Offering an IFWA service would have minimal direct costs to APS, so a fair
but profit-making price should not exceed 75% of the cost of 100 paper
reprints (e.g., $269 x 0.75 = $202 for a 7-page article).

The Entomological Society of America has offered an IFWA service for two
years, and in 2001 had a gross income of $31,259 from IFWA sales. [For
IFWA, ESA charges 75% of the cost of 100 paper reprints, but its prices for
paper reprints are less than half those of APS.  ESA gets $95 for IFWA to a
7-page article.]

Here are some advantages that would accrue if APS offered an IFWA service:

APS authors could have the official version of their refereed articles
immediately and conveniently available to all.

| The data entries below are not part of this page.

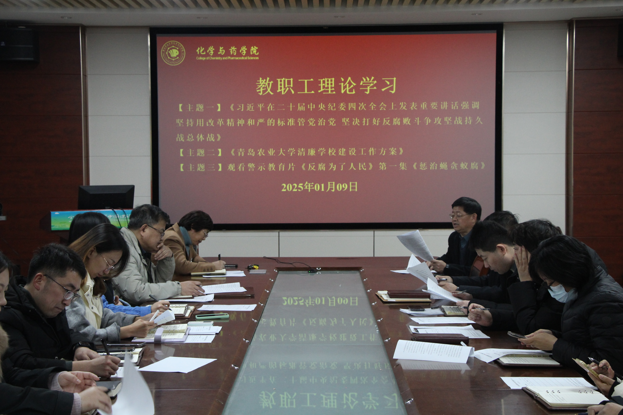 1月9日,青岛农业大学45分钟过瘾拔萝卜视频于化学楼207会议室开展教职工理论学习,会议由学院党委书记王进国主持,全体教职工参加 ,集体学习习近平总书记在二十届中央纪委四次全会上的重要讲话精神。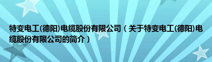 本文關于特變電工(德陽)電纜股份有限公司的簡介就講解完畢,希望對大家有所幫助。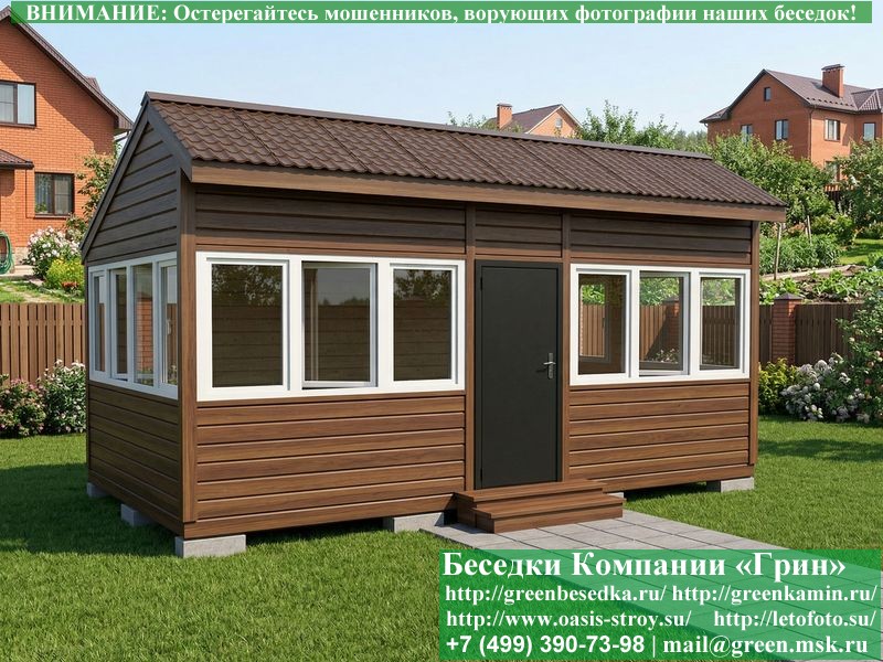 | На беседки предоставляется гарантия 1 год. Это полный сезон с большим перепадом температуры и различными погодными условиями. Гарантия распространяется на работы по установке беседок, веранд, бытовок, хозблоков и надежность конструкции. |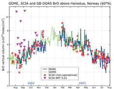 of BrO vertical columns retrieved from GOME, SCIAMACHY and ground-based DOAS measurements at Harestua, Norway, 60°N, 10°E.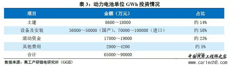 动力电池项目投资主要包括土建、设备及安装、流动资金等。其中,土地方面,据统计,一般建设1GWh产能约需用地100~150亩,购地成本差别较大,但普遍处于2000~3000万之间;建筑工程费约6600~15000万元。生产设备方面,根据设备是否进口、设备技术路线和设备自动化程度,价值差异较大。一般来说,国外先进生产线价格明显高于国内生产线价格(国产设备价格区间3.6~5万元、进口设备7~10万元);一体化生产线明显高于组装生产线价格;软包叠片技术生产线价格明显高于硬包卷绕式生产线。此外,流动资金和其他税费约1.7~1.9亿元。总体看,国内主流动力电池厂商单位GWh投资约6.5~9亿元。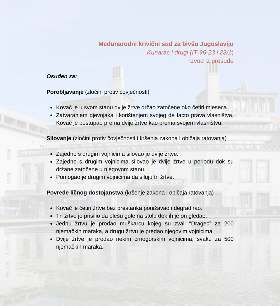 Pravosnažno je osuđen (2002.) pred Međunarodnim krivičnim sudom za bivšu Jugoslaviju (MKSJ) za porobljavanje, silovanje i povrede ličnog dostojanstva kao zločin protiv čovečnosti i ratni zločin, na 20 godina zatvora. Kaznu je izdržavao u Norveškoj, odakle je 2013. godine prevremeno pušten na slobodu, nakon izdržane dve trećine kazne.

APS authors could avoid preparing corrigenda for their arXiv'd preprints.

Users of arXiv could avoid having to combine preprints with their
corrigenda [possible only if authors post corrigenda].

And of course APS would have a revenue source that would help it transition
to universal free access.


Tom Walker




At 03:45 PM 3/1/2002 +0000, you wrote:
On Fri, 1 Mar 2002, Thomas J. Walker wrote:

> Do authors who publish in an American Physical Society journal and sign the
> APS copyright transfer agreement have the legal right to post the
> APS-formatted versions of their articles on their own or their department's
> Web servers if these servers are OIA compliant?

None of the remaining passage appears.